Sunday, June 8, 2008


OK, this post isn't about authentic food, but hey, it is about a uniquely Japanese tradition.
I have to share some photos and observations from the big Sumo Tour that was in Los Angeles Saturday and Sunday, June 7-8.

The Sumo Tour is like an All-Star game in other sports: the top Japanese sumo wrestlers travel to other countries for a cultural and educational exchange that promotes their sport and expands their celebrity. The Sumo Tour has also been to Hawaii, Las Vegas and Europe in years past; during their visits, the wrestlers present exhibition matches so we foreigners can get a taste of the unique traditional sport that is actually pretty challenging to see live in Japan, unless you're wealthy or have connections for tickets.

My 4-foot-9 mom is a huge sumo fan (pun intended) who faithfully watches the real Japanese matches on her Japan TV network feed daily during the 15-day tournaments (the Tokyo tournament was held in May).
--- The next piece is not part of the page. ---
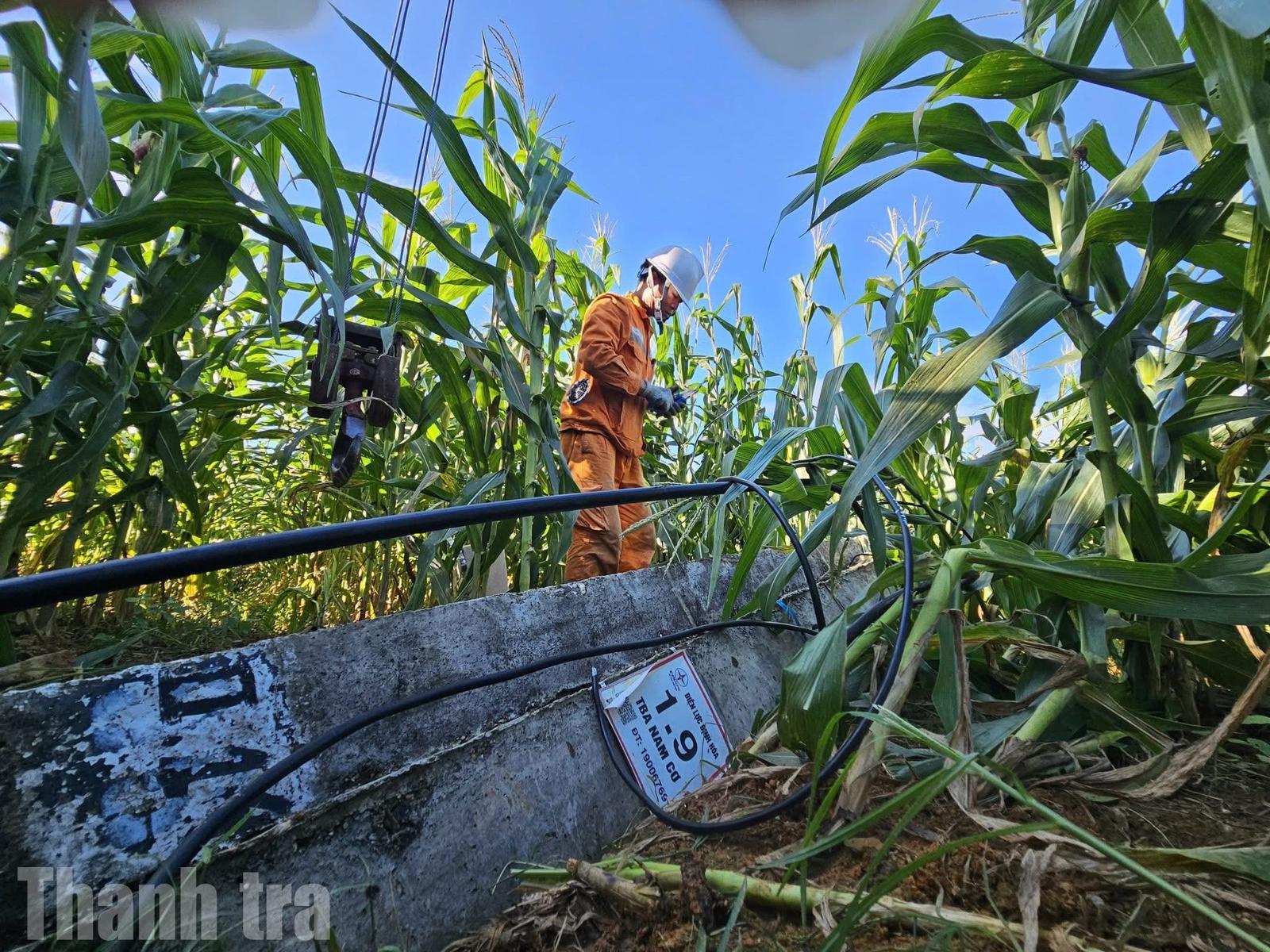 Ngành điện lực Thái Nguyên khẩn trương khắc phục sự cố, khôi phục cấp điện cho người dân. Ảnh: HL
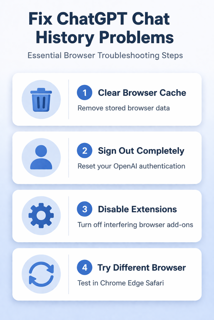 ChatGPT typically fails to show chat history due to browser cache problems, expired authentication tokens, or temporary server sync issues. Clear your browser data, sign out and back in, or refresh the page to restore access to your conversations.

So when I heard the Sumo Tour was bringing these gigantic stars to Los Angeles, I got online immediately and bought tickets for my parents and me to attend the first day, and I presented them to my mom and dad as their Mother's Day and Father's Day gifts.
"OH!" my elated mom exclaimed, "Your dad and I got so excited about the Sumo Tour but didn't think we could go because of how expensive tickets are!"
This was clearly the best Mother's Day gift I ever got my mom.

So we headed to the L.A. Sports Arena Saturday afternoon and arrived just after the gates opened at 4 p.m.
After standing in line to get in - and our purses given a cursory search by arena staff - we were pleased to find our seats in the middle loge level had a perfect view of the sumo ring, which allowed us to see all the moves clearly, plus even the occasional dramatic tumble off the ring by the giants.

Before the matches officially started around 6 p.m., there were some educational demonstrations of illegal moves, and the stretching and warmup exercises, which demonstrated how tremendously limber those huge wrestlers actually are. Check them out doing the SPLITS:
Because I'm not a faithful sumo follower like my parents, I didn't realize that the lifting of each leg before the match is a stretching move. This is one of the two Yokozunas (sumo champions), Asashoryu, in his ceremonial introduction:
Seeing these giants do this live made me realize how muscular and nimble they really are. (Have you tried lifting your leg to the side that high?)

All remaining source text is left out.